__YOUR INSTRUCTIONS__
Omit the pictures and return exactly the stretch of the material below from the line with "100 Consecutive Brazil" through the line with "Victorian Art Nouveau".

__THE DATA__
****
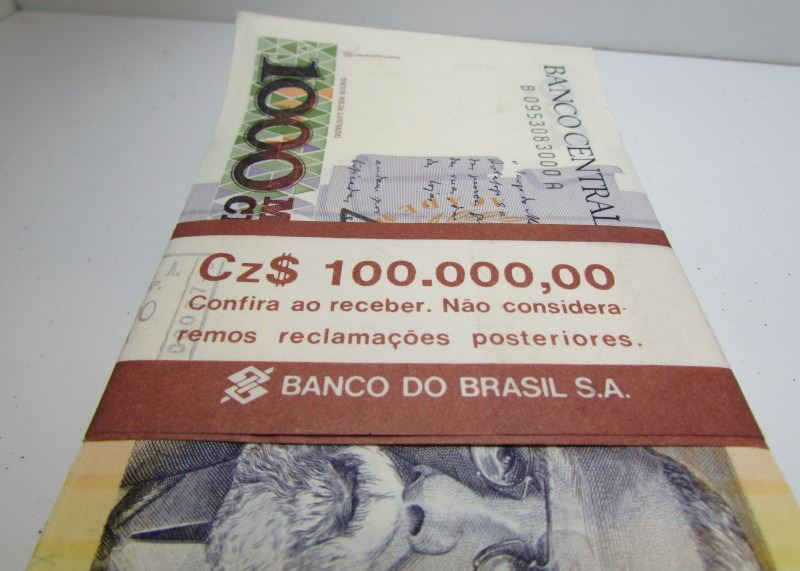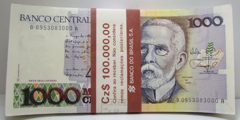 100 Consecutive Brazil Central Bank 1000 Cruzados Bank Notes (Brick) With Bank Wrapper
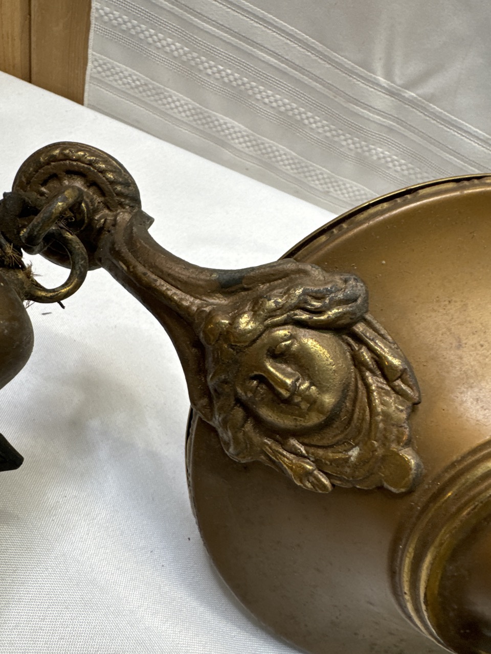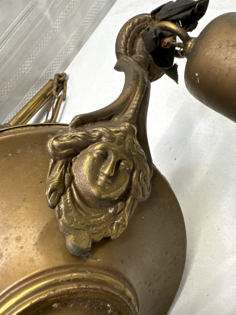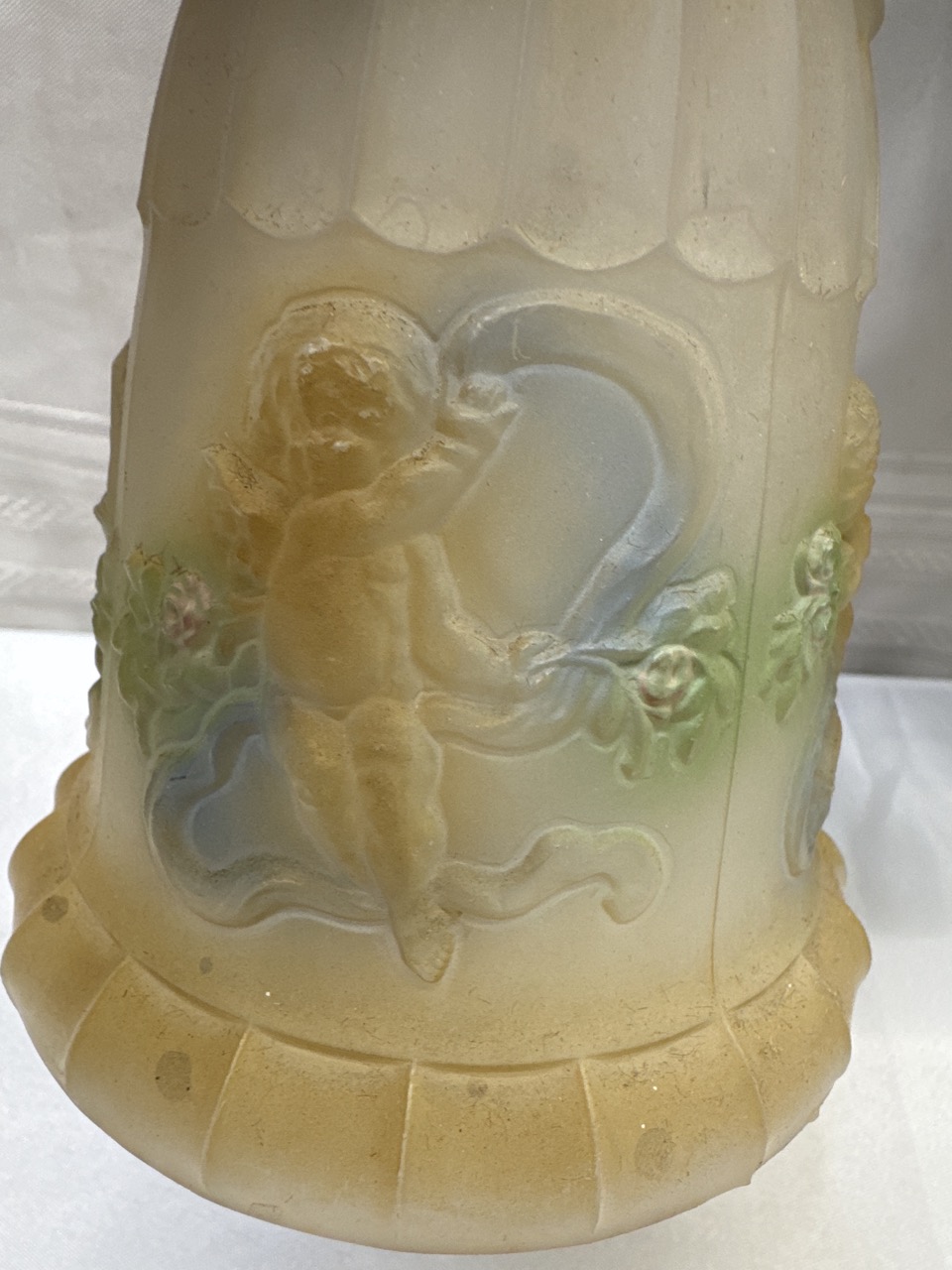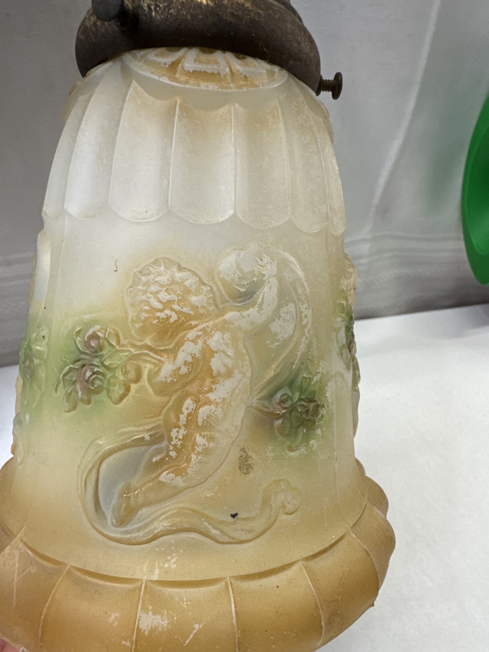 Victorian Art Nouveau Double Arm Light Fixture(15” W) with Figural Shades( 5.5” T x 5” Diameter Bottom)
****
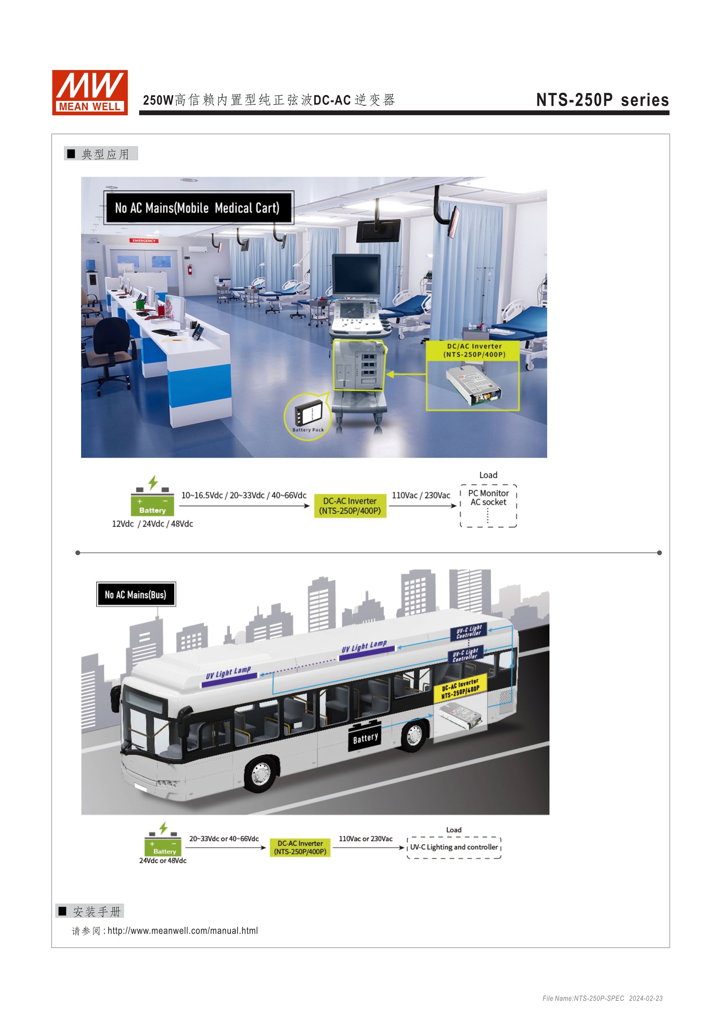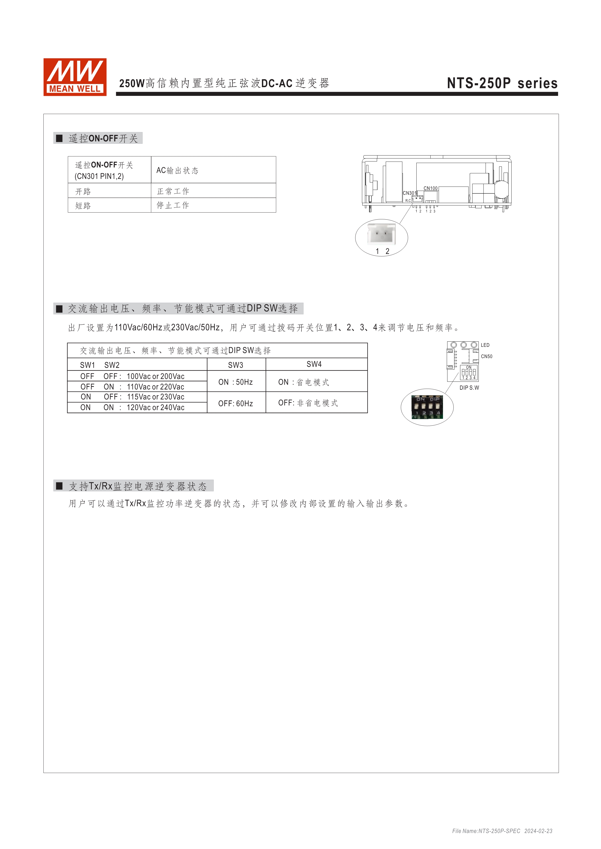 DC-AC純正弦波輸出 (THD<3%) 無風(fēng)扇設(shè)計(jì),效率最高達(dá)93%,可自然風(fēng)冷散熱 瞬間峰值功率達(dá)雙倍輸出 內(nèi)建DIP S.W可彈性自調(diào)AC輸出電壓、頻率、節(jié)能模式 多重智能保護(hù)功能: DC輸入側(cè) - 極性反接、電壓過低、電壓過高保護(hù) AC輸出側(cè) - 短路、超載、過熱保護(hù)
****
__RESULT FOR THIS TASK__
 100 Consecutive Brazil Central Bank 1000 Cruzados Bank Notes (Brick) With Bank Wrapper
 Victorian Art Nouveau Double Arm Light Fixture(15” W) with Figural Shades( 5.5” T x 5” Diameter Bottom)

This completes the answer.